The marketing team suggested ideas like a complete overhaul, creating a short movie, rebranding the IT Army to demystify the hacking component, and updating the website. Ted simply wanted quick changes. To fund these marketing improvements, funding would need to be crowdsourced, and collecting money creates problems of its own.

If the group tries to make content to post on social networks to promote people joining a hacker army, those networks remove the IT Army’s posts. Ted points out. Even social influencers attempting to help also face content blocks.

A post of the IT Army calling to expand their ranks. Screenshot from their FB page

“Many people consider us operating in a grey area,” said Ted. While the Ministry of Digital Transformation helped put out the initial call for people to join the IT Army at the start of the war, it doesn’t actively promote the group anymore.

“We have no direct communication line to the Ministry of Digital Transformation. We only engage with their PR team occasionally,” noted Ted. With better support and engagement, the IT Army could have an easier time getting more people to join, but it seems to be a lower priority for Ukraine’s government.

 

Previous legislation integrated the IT Army into the Ministry of Defense of Ukraine, but the efforts appear to have fizzled out. Speaking about the progress of the legislation, Ted said, “Maybe it’s undervalued, and lawmakers don’t see it as a high priority.”

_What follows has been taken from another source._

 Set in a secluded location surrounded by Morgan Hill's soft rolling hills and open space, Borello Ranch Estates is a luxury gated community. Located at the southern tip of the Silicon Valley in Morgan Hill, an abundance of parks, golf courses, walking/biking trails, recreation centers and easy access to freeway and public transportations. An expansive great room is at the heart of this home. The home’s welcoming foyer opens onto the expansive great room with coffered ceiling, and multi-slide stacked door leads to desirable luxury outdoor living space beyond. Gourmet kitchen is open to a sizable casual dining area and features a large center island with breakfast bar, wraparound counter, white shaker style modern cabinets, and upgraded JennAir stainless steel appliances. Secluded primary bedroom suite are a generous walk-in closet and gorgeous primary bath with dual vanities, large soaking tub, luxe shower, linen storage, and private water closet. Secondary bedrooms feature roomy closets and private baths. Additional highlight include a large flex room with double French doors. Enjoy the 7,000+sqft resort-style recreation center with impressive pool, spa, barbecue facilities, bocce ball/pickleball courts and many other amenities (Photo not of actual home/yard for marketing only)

However, whenever the IT Army does get to speak with government officials to get feedback, Ted points out that they are “happy and never expected it to be such a good thing.”

Russia feels the impact

For the Kremlin elite, Ukraine’s volunteer hacker army is not just an obscure cyber group operating in the background.

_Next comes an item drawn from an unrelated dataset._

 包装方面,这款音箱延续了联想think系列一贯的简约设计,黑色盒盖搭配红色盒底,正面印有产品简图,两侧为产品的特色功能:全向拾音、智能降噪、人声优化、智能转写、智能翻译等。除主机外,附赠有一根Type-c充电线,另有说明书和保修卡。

Oleg Syromolotov, then Deputy Minister of Foreign Affairs of the Russian Federation, claimed in December 2022, “The USA plans to spend more than $11 billion next year on cyberattacks against undesirable governments. In the so-called ‘Ukrainian IT army,’ we are dealing not with homegrown hackers but with the full cyber power of the North Atlantic alliance, which is making relentless efforts to test Russia’s resilience ‘under the flag’ of pro-Ukrainian hacker groups.”

 

Similarly, in March 2024, Dmitry Gribkov, an aide to the Russian Security Council, warned Western officials that supporting the IT Army was akin to opening Pandora’s box, which would ultimately backfire against its “masters.”

 

Gribkov claimed that “Hacking experts are being trained in Ukraine and the Baltic states to carry out computer attacks on Russia’s information infrastructure.” He further emphasized that Ukrainian officials are openly involved in “mass cyberattacks on Russian information infrastructure facilities.”

“If it was not so painful, the Russian security council wouldn’t be issuing statements on the IT Army,” said Ted.

Supporting the physical battlefield with the digital

While the war on the battlefield rages on, both sides continue to seek out opportunities to gain the upper hand. Ukraine’s hacker army is determined to help the Armed Forces of Ukraine prevail in battle. Ted, with a slight grin, noted that Ukrainian intelligence services reached out to him around the time Ukrainian drones began hitting Russian oil refineries. “We were asked at that time to help turn off CCTV in parts of Russia,” noted Ted.

As a result of this request, the IT Army of Ukraine began conducting cyber-attacks against Russian internet providers to disrupt video feeds around areas where Ukrainian drones were attacking. This disruption aimed to hinder Russia’s visibility of the drones and ensure mission success.

Ted is optimistic that the Ukrainian hacker army did end up playing an important role in supporting Ukrainian drone attacks in Russia. “We are just beginning to have a significant impact on Russia’s military,” said Ted.